Sunday, May 3, 2009

A perfect storm for viruses

According to Nathan Wolfe, a virus hunter interviewed last week in another TED Q&A, "We've created a perfect storm for viruses". An excerpt:

SARS, avian flu, swine flu ... what's going on here? Why are we suddenly seeing so many more outbreaks of viruses from animals?

Viruses have always passed from humans to animals. In fact, the vast majority of human diseases have animal origins. But the human population is different from what it once was. For most of our history, we lived in geographically disparate populations. So viruses could enter from animals into humans, spread locally and go extinct. But the human population has gone through a connectivity explosion. All humans on the planet are now connected to each other spatially and temporally in a way that's unprecedented in the history of vertebrate biology. Humans -- as well as our domestic animals and wild animals we trade -- move around the planet at biological warp speed. This provides new opportunities for viruses that would have gone extinct locally to have the population density fuel they need to establish themselves and spread globally.

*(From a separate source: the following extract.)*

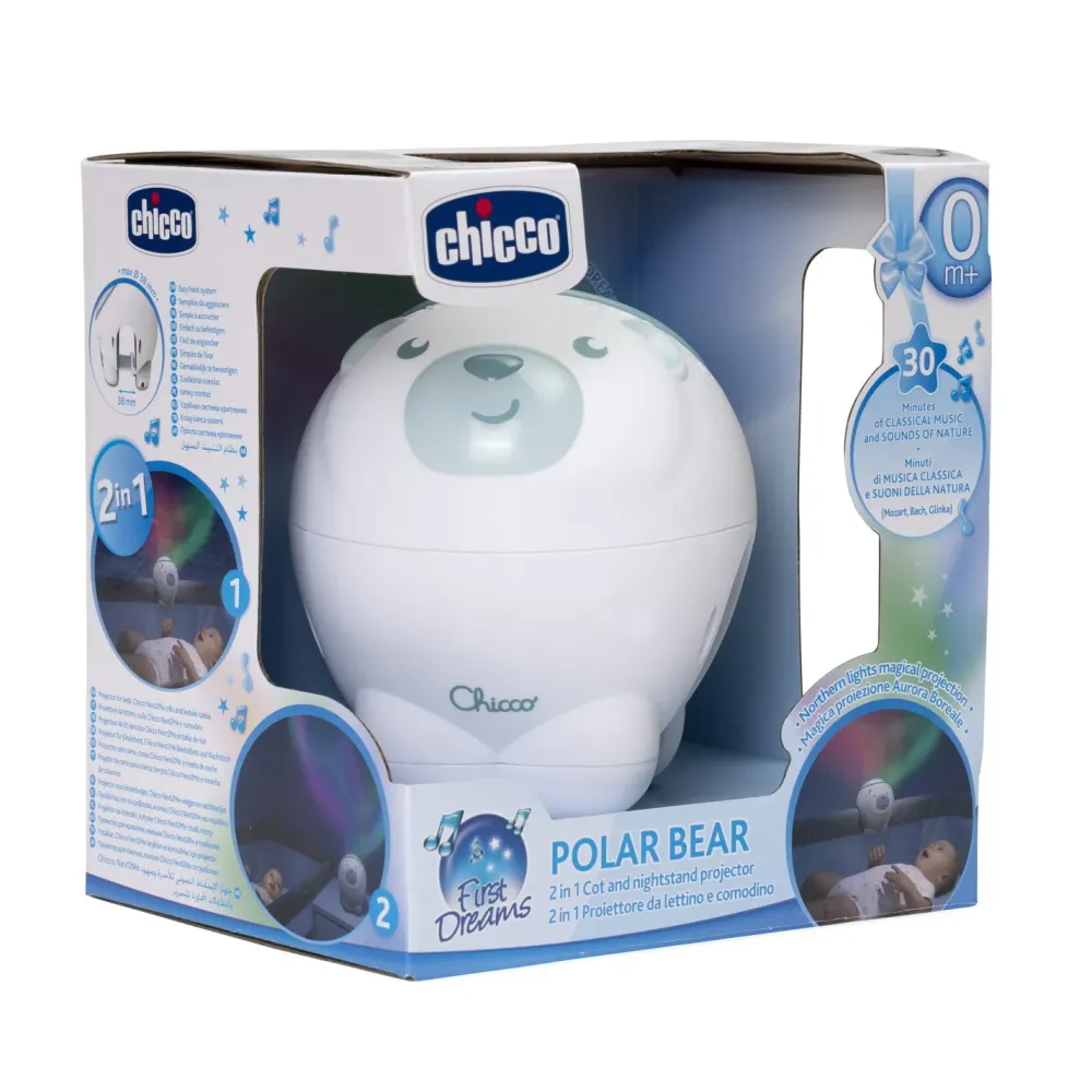 Orso Polare Azzurro Della Linea First Dreams Di Chicco È Un Proiettore Con Effetti Luminosi E Melodie, Ideale Per Creare Un’Atmosfera Rilassante Per Il Riposo Del Bambino. Può Essere Utilizzato Sia Come Proiettore Da Agganciare Alla Culla Che Come Proiettore Da Appoggiare Sul Comodino. Può Proiettare L’Aurora Boreale Per 30 Minuti Insieme A Musica Classica E Suoni Della Natura. Ha Due Pulsanti, Uno Per Selezionare Le Melodie E Uno Per Attivare O Disattivare La Proiezione.

We've created a "perfect storm" for viruses. And we'll continue to see -- as we have in the past few years -- a whole range of new animal diseases as outbreaks in human populations. But we have to stop being surprised by them. Right now, global public health is like cardiology in the '50s -- just waiting for the heart attack, without understanding why they occur or the many ways to monitor for them, detect them early and ultimately prevent them. Swine flu is not an anomaly. We know that swine flu -- like the vast majority of new outbreaks -- comes from animals. We should be monitoring those animals and the humans that come into contact with them, so we can catch these viruses early, before they infect major cities and spread throughout the world.